- _EXERCISE AIM_: Repeat, exactly and in full, the lines of the listing below, but without any pictures.

- _STORED DATA_:

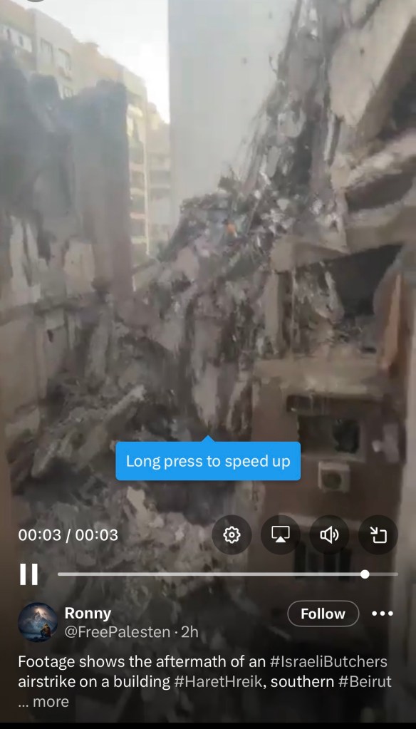 今から数時間前、まだ日の名残で明るい午後7時40分ごろ、車で10分も離れていないベイルート市南部のHaret Hreik地区が空爆された。イスラエル軍は声明で、数日前にゴラン高原のMajidal Shams(ドゥールーズ派の村)で子供12人を殺害した攻撃を主導した司令官を標的にした、と述べた。
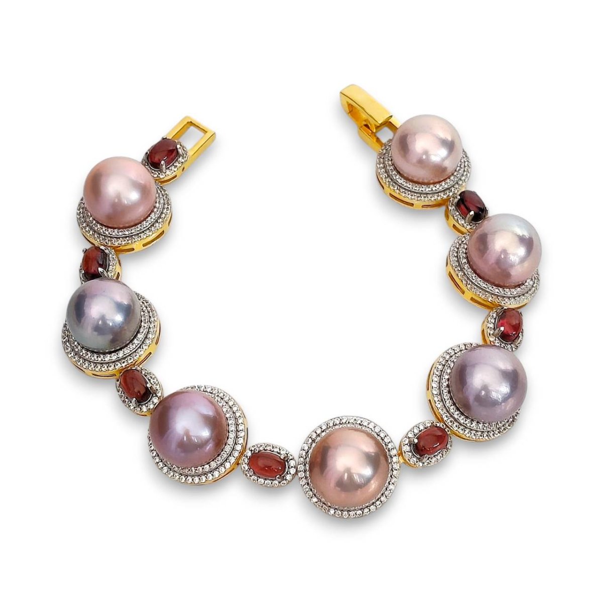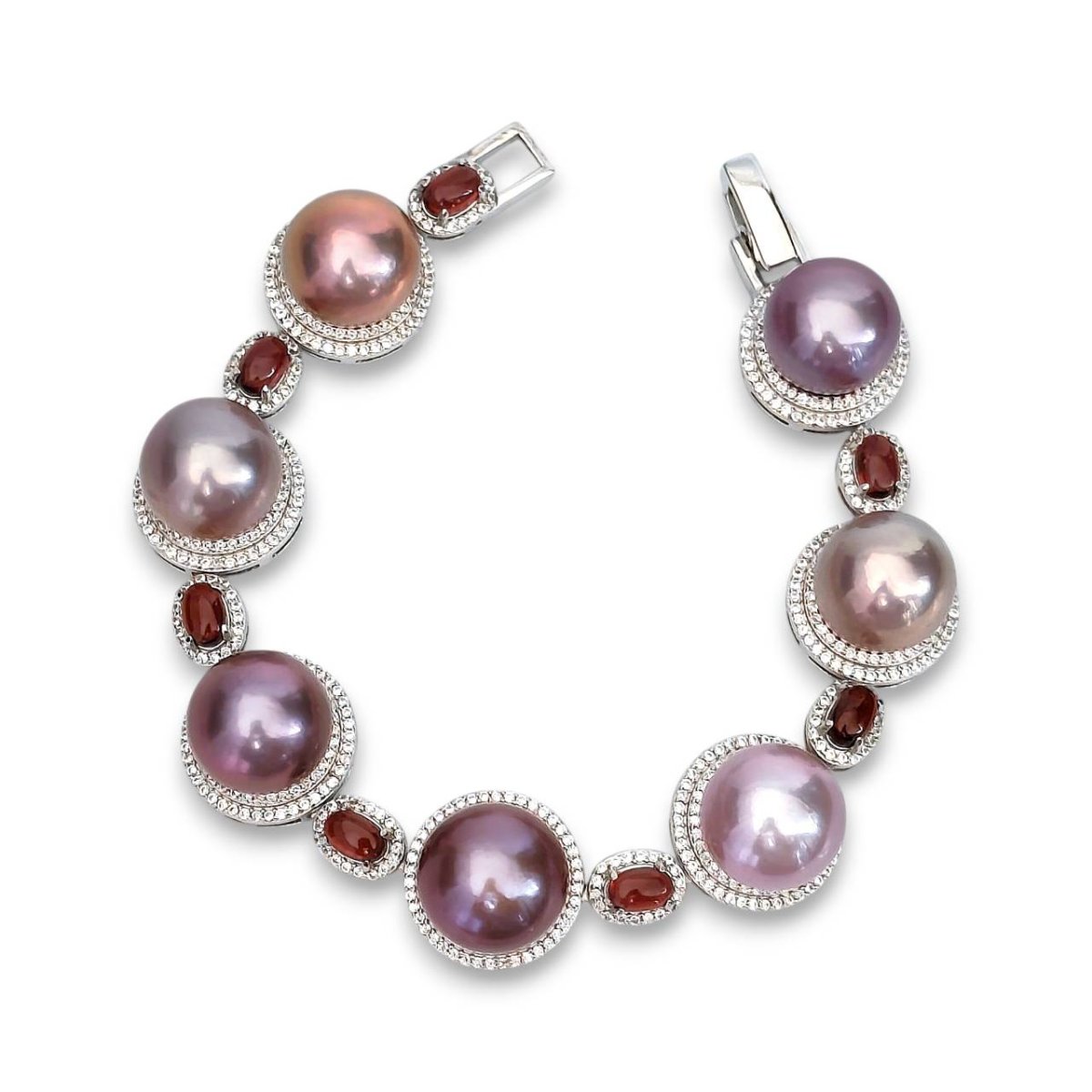 Approx. 13.0 mm, Edison Pearl, Pearl Halo Garnet Station Bracelet
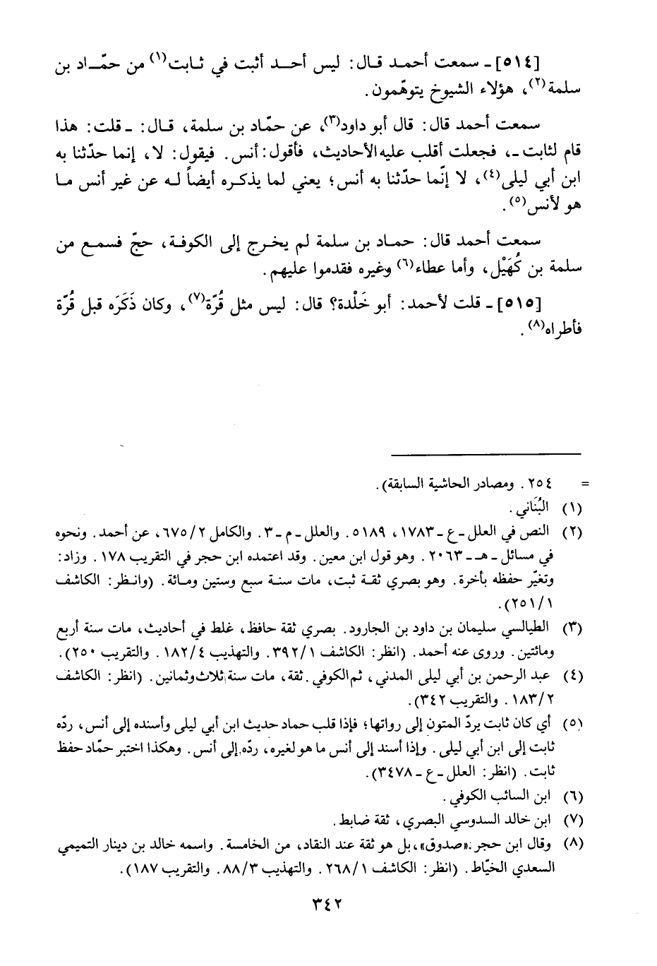 [514] سَمِعت أَحْمد قَالَ لَيْسَ أحد أثبت فِي ثَابت من حَمَّاد بن سَلمَة هَؤُلَاءِ الشُّيُوخ يتوهمون

- _SOLUTION TO THE PROBLEM_:
 今から数時間前、まだ日の名残で明るい午後7時40分ごろ、車で10分も離れていないベイルート市南部のHaret Hreik地区が空爆された。イスラエル軍は声明で、数日前にゴラン高原のMajidal Shams(ドゥールーズ派の村)で子供12人を殺害した攻撃を主導した司令官を標的にした、と述べた。
 Approx. 13.0 mm, Edison Pearl, Pearl Halo Garnet Station Bracelet
 [514] سَمِعت أَحْمد قَالَ لَيْسَ أحد أثبت فِي ثَابت من حَمَّاد بن سَلمَة هَؤُلَاءِ الشُّيُوخ يتوهمون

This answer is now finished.